Writing in the June issue of the American Journal of Obstetrics & Gynecology, physicians at the Keck School of Medicine of USC and colleagues in California and Taiwan are the first to suggest this explanation for the frequent occurrence of false negative Pap smears.
Nationwide, physicians perform about 55 million Pap tests every year to look for cervical cells that are becoming abnormal, a precursor to cancer. To perform such a smear, a physician inserts a swab through a patient's vagina and scrapes the cervix to collect a sample of cells shed from its surface. Pathologists analyze the cells under a microscope to see if they are healthy.
Unfortunately, as many as four in 10 test results come back negative even when a biopsy shows abnormal lesions, and researchers have not been able to conclusively explain the inconsistencies.
A substance called E-cadherin may lie at the heart of the problem, says the study's lead author, Juan C. Felix, M.D., professor of clinical pathology and obstetrics and gynecology at the Keck School of Medicine of USC.
E-cadherin is a molecule that helps cells in the cervical tissue stick together, Felix explains. Normally, E-cadherin can be found in cervical tissue, except on the cervix's surface (the superficial epithelial layers). With no E-cadherin there, older cells can detach and slough away from the surface of the cervix, much like dead cells are regularly exfoliated from the surface of the skin.
However, the researchers found that in some cervical lesions, E-cadherin also was abnormally present in cells on the cervix's surface, keeping the abnormal epithelial cells anchored to the cells beneath them. Researchers theorize that this bond keeps these telltale aberrant cells from being collected during testing.
"I am convinced that the findings of this study are extremely important in understanding the biology of the false negative Pap smear," Felix says. "Never before have we seen such clear evidence that barriers to exfoliation are linked to false negative Pap smears." The team conducted the study with tissue samples from 25 women known to have cervical dysplasia (aberrant cells preceding cancer). Researchers analyzed whether the tissue samples showed normal distribution of E-cadherin, and then compared each tissue sample to its corresponding Pap smear result.

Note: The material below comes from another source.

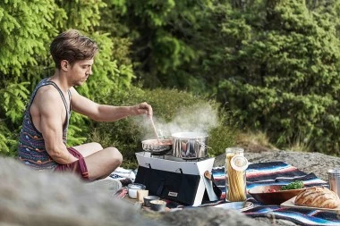 Kochset aus robustem 18/8-Edelstahl. Für jahrelangen, harten Einsatz ausgelegt. Das Set besteht aus zwei Töpfen (1,0 und 1,8 L), zwei Deckeln mit integriertem Abtropfsieb und einer Bratpfanne. Die Bratpfanne verfügt über einen Klappgriff sowie über eine Bodenplatte aus Aluminium für eine gleichmäßige Wärmeverteilung. Die stapelbaren Töpfe und die Bratpfanne lassen sich platzsparend in der mitgelieferten Tasche verstauen.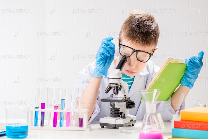 Школьник с микроскопом и книгой исследует химические вещества в пробирках, проводит эксперименты - портрет на белом фоне. Концепция исследования коронавируса в лаборатории

Of the 25 women, 12 had had a normal Pap smear. All 12 of these women, however, had a positive result through speculoscopy with PapSure. PapSure is a testing system that includes a special light used during the pelvic examination, allowing physicians to actually see suspicious lesions on the cervix.
The remaining 13 women had abnormal Pap smears. Researchers were able to analyze E-cadherin distribution in 10 of these samples. Eight of 10 of these samples showed normal distribution of E-cadherin.
In contrast, of the 12 women with false negative Pap smears, 10 of 11 samples that could be examined showed the abnormal presence of E-cadherin in the superficial layers of the cervix.
"Of the patients with known cervical abnormalities who had normal Pap smears, 91 percent had an abnormal distribution of the E-cadherin adhesion molecule," Felix says. Felix cautions, however, that larger studies with randomly selected patients are needed to verify the findings. Other adhesion molecules also may be involved in the process.
Possible alternative reasons for false-negative Pap smears include poor cell sample collection, mistakes in transferring cells to slides and human error in evaluating the collected cells.
The American Cancer Society estimates that 13,000 women in the United States will be diagnosed with cervical cancer this year and 4,100 women will die of the disease.
The study was supported in part by Torrance-based Trylon Corp., which developed the PapSure system. Watson Pharmaceuticals Inc., of Corona, Calif., now owns rights to PapSure.
Juan C. Felix, Neal M. Lonky, Kimi Tamura, Ken-Jen Yu, Yathi Naidu, Chung-Rui Lai and Stewart A. Lonky. "Aberrant expression of E-cadherin in cervical intraepithelial neoplasia correlates with a false negative Papanicolaou smear." American Journal of Obstetrics & Gynecology, Vol. 186, No. 6, June 2002.